The contributions component of the system, "National Insurance Contributions" (NICs), is paid by employees and employers on earnings, and by employers on certain benefits-in-kind provided to employees. The self-employed contribute partly by a fixed weekly or monthly payment, and partly on a percentage of net profits above a certain threshold. Individuals may also make voluntary contributions, in order to fill a gap in their contributions record and thus protect their entitlement to benefits. Contributions from those in employment are collected by HM Revenue and Customs (HMRC) through the PAYE system, along with Income Tax, repayments of Student Loans and any Apprenticeship Levy which the employer is liable to pay.

The benefit component comprises a number of contributory benefits of availability and amount determined by the claimant's contribution record and circumstances. Weekly income benefits and some lump-sum benefits to participants upon death, retirement, unemployment, maternity and disability are provided.

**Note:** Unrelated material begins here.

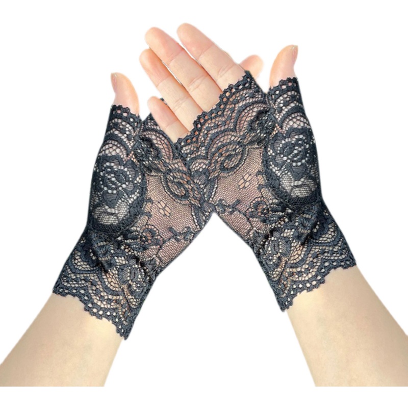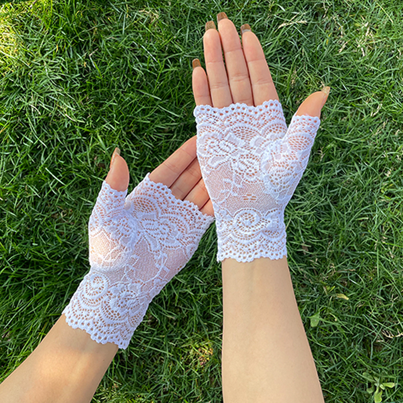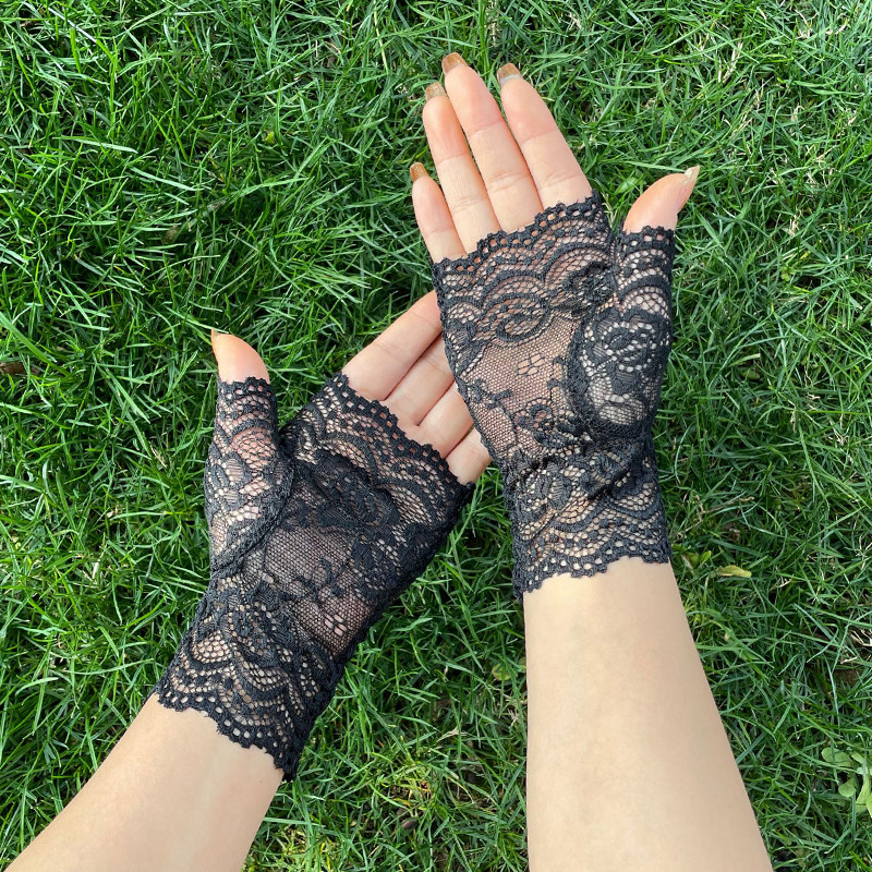 半指防晒手套女弹力蕾丝夏季薄款开车骑行防紫外线遮疤痕露半截指

Recent developments of the system have meant that National Insurance provides a significant part of the government's revenue (21.5% of the total collected by HMRC). National Insurance has also become more redistributive over time as its structure has changed to remove the fixed upper contribution limits, albeit with a much lower rate payable by employees on income above a certain level. It has been discussed that the link between an individual's contribution record and the remaining contributory benefits will be weakened further.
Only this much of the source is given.